> _REQUIRED ACTION_
In the material below, find each line with the word "control" and copy it.

> _EXTRACTED ENTRIES_
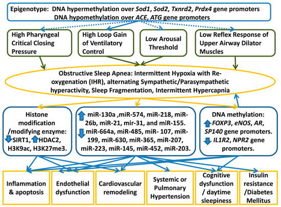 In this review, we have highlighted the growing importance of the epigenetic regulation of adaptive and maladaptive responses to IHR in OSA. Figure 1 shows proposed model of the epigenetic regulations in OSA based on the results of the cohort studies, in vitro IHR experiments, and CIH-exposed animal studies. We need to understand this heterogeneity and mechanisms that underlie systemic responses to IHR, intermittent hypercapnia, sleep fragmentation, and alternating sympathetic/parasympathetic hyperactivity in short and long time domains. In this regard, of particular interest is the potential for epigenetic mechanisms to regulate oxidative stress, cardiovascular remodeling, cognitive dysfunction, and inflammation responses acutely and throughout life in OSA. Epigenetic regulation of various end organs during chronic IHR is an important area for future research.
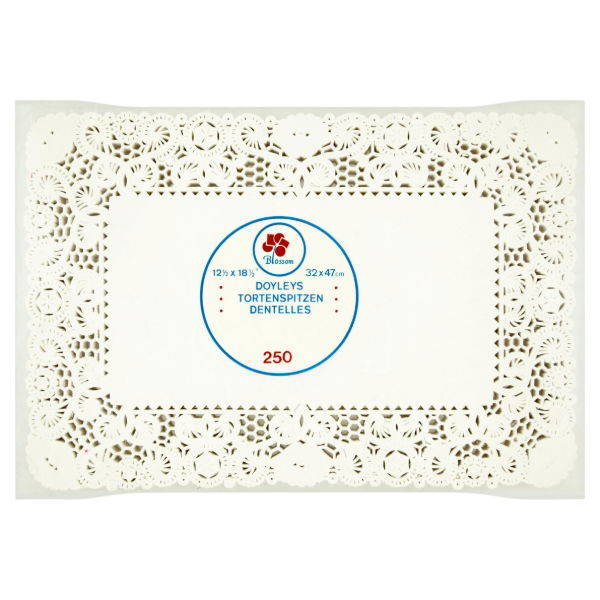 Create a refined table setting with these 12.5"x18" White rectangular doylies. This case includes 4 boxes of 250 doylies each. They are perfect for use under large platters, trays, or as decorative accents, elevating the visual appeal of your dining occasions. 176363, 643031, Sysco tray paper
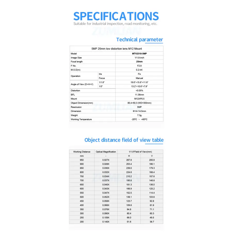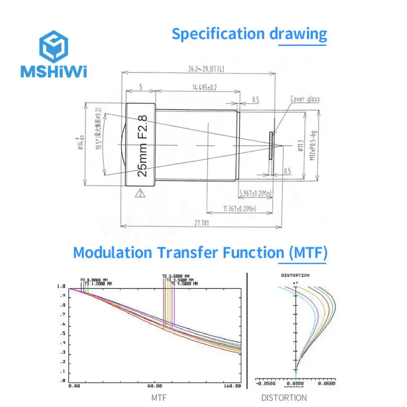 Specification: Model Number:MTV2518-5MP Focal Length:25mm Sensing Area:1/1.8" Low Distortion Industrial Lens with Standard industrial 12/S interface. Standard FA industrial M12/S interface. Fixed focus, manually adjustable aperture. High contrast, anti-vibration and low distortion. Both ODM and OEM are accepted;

---

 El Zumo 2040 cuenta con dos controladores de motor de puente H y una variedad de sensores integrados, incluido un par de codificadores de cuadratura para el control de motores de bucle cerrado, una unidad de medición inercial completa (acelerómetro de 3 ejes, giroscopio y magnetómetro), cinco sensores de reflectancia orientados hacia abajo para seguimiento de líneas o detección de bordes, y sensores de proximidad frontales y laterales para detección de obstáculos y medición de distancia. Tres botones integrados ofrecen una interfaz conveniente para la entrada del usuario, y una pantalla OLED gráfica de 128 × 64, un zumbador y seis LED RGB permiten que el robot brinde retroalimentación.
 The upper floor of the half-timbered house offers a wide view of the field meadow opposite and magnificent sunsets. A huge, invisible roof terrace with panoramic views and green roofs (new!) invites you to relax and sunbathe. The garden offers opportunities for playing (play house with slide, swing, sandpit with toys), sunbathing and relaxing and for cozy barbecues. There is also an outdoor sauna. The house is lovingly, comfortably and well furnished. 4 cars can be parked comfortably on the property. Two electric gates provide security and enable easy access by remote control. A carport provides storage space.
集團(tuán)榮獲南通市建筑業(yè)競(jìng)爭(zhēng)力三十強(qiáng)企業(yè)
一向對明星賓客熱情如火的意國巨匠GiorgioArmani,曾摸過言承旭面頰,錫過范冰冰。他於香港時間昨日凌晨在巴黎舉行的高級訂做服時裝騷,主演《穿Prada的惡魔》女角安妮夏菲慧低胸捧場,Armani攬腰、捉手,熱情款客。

> _REPLY_
 El Zumo 2040 cuenta con dos controladores de motor de puente H y una variedad de sensores integrados, incluido un par de codificadores de cuadratura para el control de motores de bucle cerrado, una unidad de medición inercial completa (acelerómetro de 3 ejes, giroscopio y magnetómetro), cinco sensores de reflectancia orientados hacia abajo para seguimiento de líneas o detección de bordes, y sensores de proximidad frontales y laterales para detección de obstáculos y medición de distancia. Tres botones integrados ofrecen una interfaz conveniente para la entrada del usuario, y una pantalla OLED gráfica de 128 × 64, un zumbador y seis LED RGB permiten que el robot brinde retroalimentación.
 The upper floor of the half-timbered house offers a wide view of the field meadow opposite and magnificent sunsets. A huge, invisible roof terrace with panoramic views and green roofs (new!) invites you to relax and sunbathe. The garden offers opportunities for playing (play house with slide, swing, sandpit with toys), sunbathing and relaxing and for cozy barbecues. There is also an outdoor sauna. The house is lovingly, comfortably and well furnished. 4 cars can be parked comfortably on the property. Two electric gates provide security and enable easy access by remote control. A carport provides storage space.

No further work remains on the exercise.